Exchange traded funds that track rate sensitive sectors, such as utilities and real estate investment trusts, are under pressure as the ongoing bond rout pushed Treasury yields to their highest level in four months.

Yields on benchmark 10-year Treasury notes are not hovering around 1.86% after rising 22 basis points since the start of the month.

“You have more and more signs of an upward trend in inflation, and this is one risk that markets are not pricing,” Franck Dixmier, global head of fixed income at Allianz Global Investors, told the Wall Street Journal.

Bonds are sensitive to inflationary pressures as rising consumer prices make both the income and principle worth less over time.

The improving economy has also fueled expectations for a Federal Reserve interest rate hike in its upcoming December meeting.

“People are starting to look at interest rates and where they are, and they are getting a little nervous,” Charles Comiskey, head of Treasury trading in New York at Bank of Nova Scotia, told Bloomberg. “What you are seeing is what you haven’t seen in some time – lower pricing is attracting selling.”

Consequently, with yields rising, more rate sensitive market sectors are beginning to weaken.

On Thursday, the Vanguard REIT ETF (NYSEArca: VNQ) fell 2.5%, SPDR Dow Jones REIT ETF (NYSEArca: RWR) dropped 2.4% and iShares Dow Jones US Real Estate Index Fund (NYSEArca: IYR) declined 2.2%.

[related_stories]

REITs, which are traditionally popular for their attractive dividend yields, have been under pressure as improved U.S. economic data fueled inflationary pressures and speculation of a pending Federal Reserve interest rate hike.
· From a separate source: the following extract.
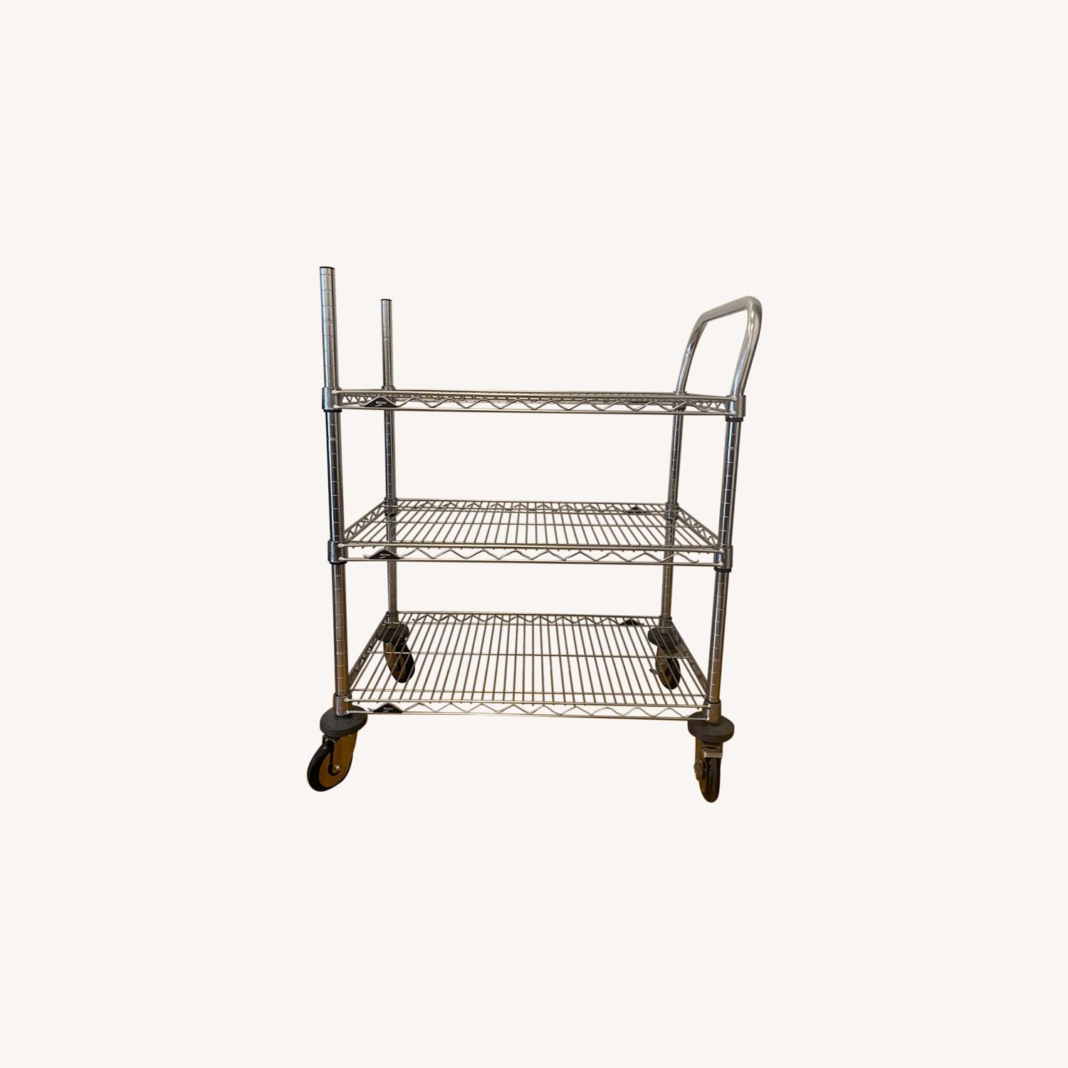 Seller's Notes:Container Store Chrome-plated solid steel construction Each shelf supports up to 500 pounds Light assembly required; hardware included NSF-rated

When interest rates rise, REITs’ interest payments go up, so the companies have less cash flow available for dividends. The high dividends in REITs are attractive in a low-rate environment but are less enticing once safer Treasuries show higher rates.

Meanwhile, the Utilities Select Sector SPDR (NYSEArca: XLU) decreased 0.8%, Vanguard Utilities ETF (NYSEArca: VPU) was down 0.6% and First Trust Utilities AlphaDEX Fund (NYSEArca: FXU) was 0.6% lower on Thursday.

The bond-esque utilities sector has also weakened alongside the fixed-income market as Treasury yields rose on the Fed outlook and inflationary pressures. Once the Fed eventually hikes interest rates, the higher rates will make fixed-income instruments more attractive on a relative basis, and bond-like equities, like utilities, less enticing. Consequently, utilities may remain flat or underperform other segments of the equities market once rates start ticking higher.